■ Goal of the exercise ■
All pictures are to be omitted while the lines starting at the line with "Mit einer gemeinsamen" and ending at the line with "Este tarro magistralmente" in the material below are retyped exactly, both ends included.

■ Data records ■
◇ ◇ ◇ ◇

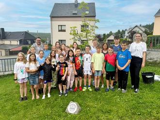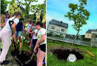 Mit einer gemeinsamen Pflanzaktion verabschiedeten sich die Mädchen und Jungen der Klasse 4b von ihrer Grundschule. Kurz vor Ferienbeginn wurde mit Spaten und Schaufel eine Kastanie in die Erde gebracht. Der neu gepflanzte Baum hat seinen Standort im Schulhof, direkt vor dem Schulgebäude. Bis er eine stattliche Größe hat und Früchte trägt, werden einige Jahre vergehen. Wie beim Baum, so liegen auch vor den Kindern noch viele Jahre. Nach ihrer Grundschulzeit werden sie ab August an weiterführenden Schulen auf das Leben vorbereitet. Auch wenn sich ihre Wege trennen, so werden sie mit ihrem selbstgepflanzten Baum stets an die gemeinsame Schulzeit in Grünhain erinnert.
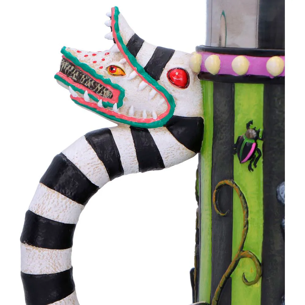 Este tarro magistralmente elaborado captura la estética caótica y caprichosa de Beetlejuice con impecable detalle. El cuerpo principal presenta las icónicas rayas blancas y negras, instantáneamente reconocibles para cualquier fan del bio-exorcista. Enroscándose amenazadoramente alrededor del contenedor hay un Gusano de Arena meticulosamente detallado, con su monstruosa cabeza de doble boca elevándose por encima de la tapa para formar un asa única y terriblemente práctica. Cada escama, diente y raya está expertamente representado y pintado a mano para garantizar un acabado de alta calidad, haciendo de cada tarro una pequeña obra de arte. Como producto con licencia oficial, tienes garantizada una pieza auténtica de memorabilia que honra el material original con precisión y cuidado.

◇ ◇ ◇ ◇

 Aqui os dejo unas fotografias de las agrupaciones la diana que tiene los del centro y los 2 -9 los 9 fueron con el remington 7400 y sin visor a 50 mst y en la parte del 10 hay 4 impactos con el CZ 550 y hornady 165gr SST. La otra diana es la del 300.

◇ ◇ ◇ ◇

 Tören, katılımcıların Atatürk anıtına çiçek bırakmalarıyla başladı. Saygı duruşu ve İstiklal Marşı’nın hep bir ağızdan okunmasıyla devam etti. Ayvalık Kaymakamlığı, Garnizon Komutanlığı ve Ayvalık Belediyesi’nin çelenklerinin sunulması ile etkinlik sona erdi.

◇ ◇ ◇ ◇

■ Completed task ■
 Mit einer gemeinsamen Pflanzaktion verabschiedeten sich die Mädchen und Jungen der Klasse 4b von ihrer Grundschule. Kurz vor Ferienbeginn wurde mit Spaten und Schaufel eine Kastanie in die Erde gebracht. Der neu gepflanzte Baum hat seinen Standort im Schulhof, direkt vor dem Schulgebäude. Bis er eine stattliche Größe hat und Früchte trägt, werden einige Jahre vergehen. Wie beim Baum, so liegen auch vor den Kindern noch viele Jahre. Nach ihrer Grundschulzeit werden sie ab August an weiterführenden Schulen auf das Leben vorbereitet. Auch wenn sich ihre Wege trennen, so werden sie mit ihrem selbstgepflanzten Baum stets an die gemeinsame Schulzeit in Grünhain erinnert.
 Este tarro magistralmente elaborado captura la estética caótica y caprichosa de Beetlejuice con impecable detalle. El cuerpo principal presenta las icónicas rayas blancas y negras, instantáneamente reconocibles para cualquier fan del bio-exorcista. Enroscándose amenazadoramente alrededor del contenedor hay un Gusano de Arena meticulosamente detallado, con su monstruosa cabeza de doble boca elevándose por encima de la tapa para formar un asa única y terriblemente práctica. Cada escama, diente y raya está expertamente representado y pintado a mano para garantizar un acabado de alta calidad, haciendo de cada tarro una pequeña obra de arte. Como producto con licencia oficial, tienes garantizada una pieza auténtica de memorabilia que honra el material original con precisión y cuidado.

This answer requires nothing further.